• _Data to use_:
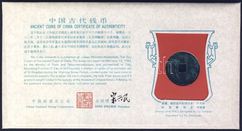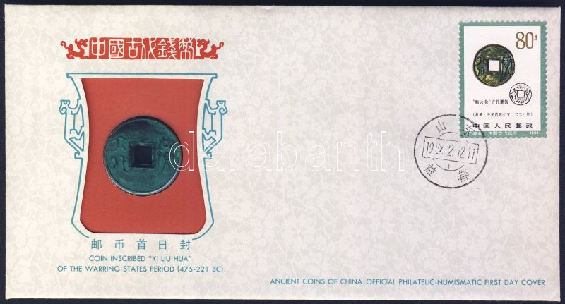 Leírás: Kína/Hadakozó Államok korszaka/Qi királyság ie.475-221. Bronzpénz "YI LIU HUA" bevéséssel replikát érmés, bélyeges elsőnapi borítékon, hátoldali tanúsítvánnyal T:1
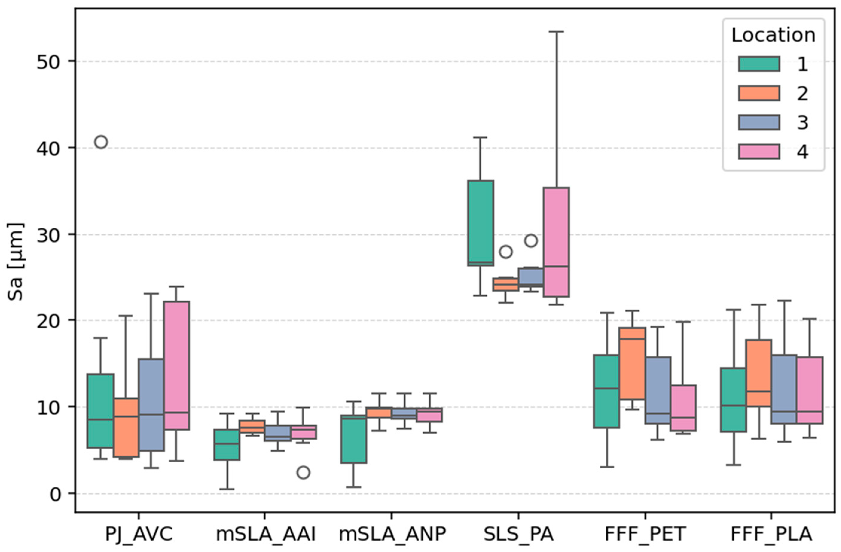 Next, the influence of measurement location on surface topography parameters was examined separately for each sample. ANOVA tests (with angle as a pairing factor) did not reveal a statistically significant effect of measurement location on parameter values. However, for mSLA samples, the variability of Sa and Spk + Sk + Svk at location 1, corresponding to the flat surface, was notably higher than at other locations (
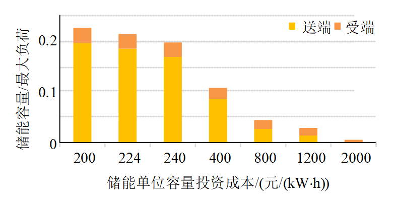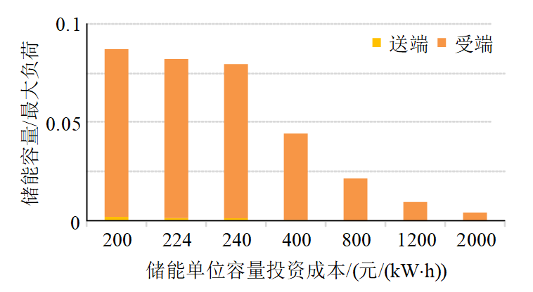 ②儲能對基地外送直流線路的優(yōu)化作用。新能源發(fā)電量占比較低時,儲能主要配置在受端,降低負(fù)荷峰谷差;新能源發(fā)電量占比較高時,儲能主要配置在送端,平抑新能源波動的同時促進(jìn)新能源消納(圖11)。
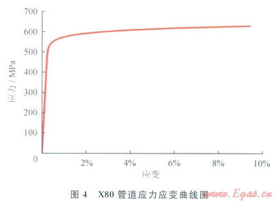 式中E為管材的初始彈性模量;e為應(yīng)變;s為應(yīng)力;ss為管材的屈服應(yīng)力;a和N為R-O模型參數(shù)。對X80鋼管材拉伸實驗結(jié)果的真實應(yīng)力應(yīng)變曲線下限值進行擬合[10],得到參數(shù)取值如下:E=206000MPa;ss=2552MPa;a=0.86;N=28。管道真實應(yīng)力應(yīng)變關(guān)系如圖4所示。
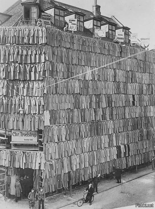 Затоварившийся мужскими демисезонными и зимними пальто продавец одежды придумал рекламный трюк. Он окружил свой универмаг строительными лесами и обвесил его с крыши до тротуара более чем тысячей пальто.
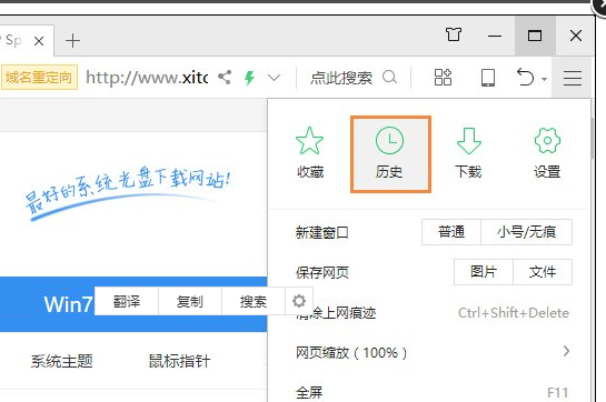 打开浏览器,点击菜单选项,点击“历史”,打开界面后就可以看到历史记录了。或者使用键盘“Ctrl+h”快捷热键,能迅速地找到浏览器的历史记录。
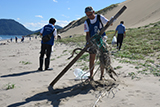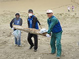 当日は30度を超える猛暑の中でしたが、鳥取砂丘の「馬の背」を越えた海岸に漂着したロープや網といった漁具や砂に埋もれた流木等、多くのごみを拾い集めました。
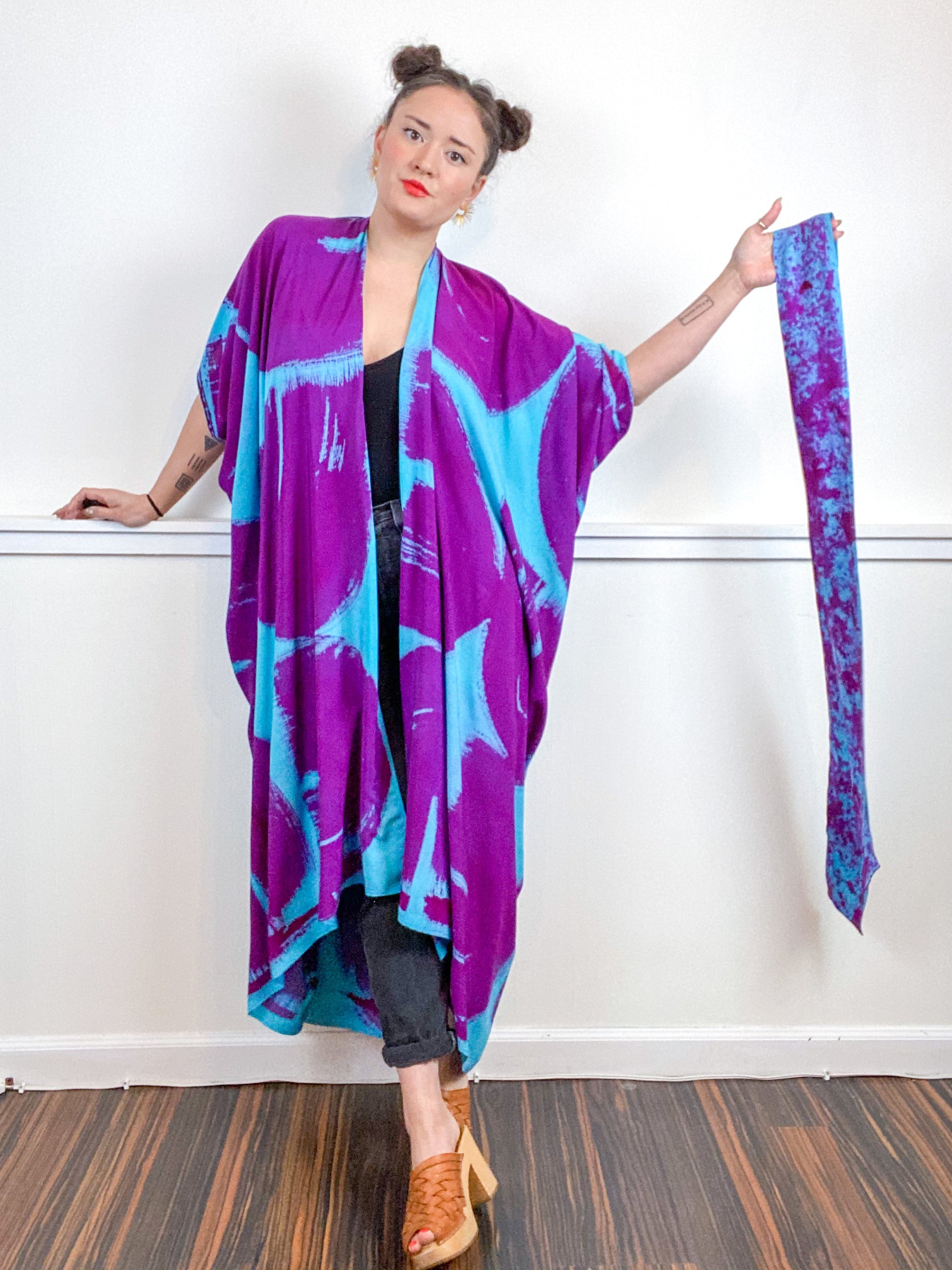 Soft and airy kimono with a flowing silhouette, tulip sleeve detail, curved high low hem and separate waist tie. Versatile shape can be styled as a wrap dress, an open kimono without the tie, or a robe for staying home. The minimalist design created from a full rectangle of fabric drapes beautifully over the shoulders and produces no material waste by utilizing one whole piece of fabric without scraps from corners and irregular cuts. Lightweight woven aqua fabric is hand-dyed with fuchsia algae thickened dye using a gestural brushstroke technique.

• _Assignment_:
Your copy should consist solely of the lines from the line containing "当日は30度を超える猛暑の中" through the last line of the records above, reproduced exactly, with the pictures left out.

• _Reply_:
 当日は30度を超える猛暑の中でしたが、鳥取砂丘の「馬の背」を越えた海岸に漂着したロープや網といった漁具や砂に埋もれた流木等、多くのごみを拾い集めました。
 Soft and airy kimono with a flowing silhouette, tulip sleeve detail, curved high low hem and separate waist tie. Versatile shape can be styled as a wrap dress, an open kimono without the tie, or a robe for staying home. The minimalist design created from a full rectangle of fabric drapes beautifully over the shoulders and produces no material waste by utilizing one whole piece of fabric without scraps from corners and irregular cuts. Lightweight woven aqua fabric is hand-dyed with fuchsia algae thickened dye using a gestural brushstroke technique.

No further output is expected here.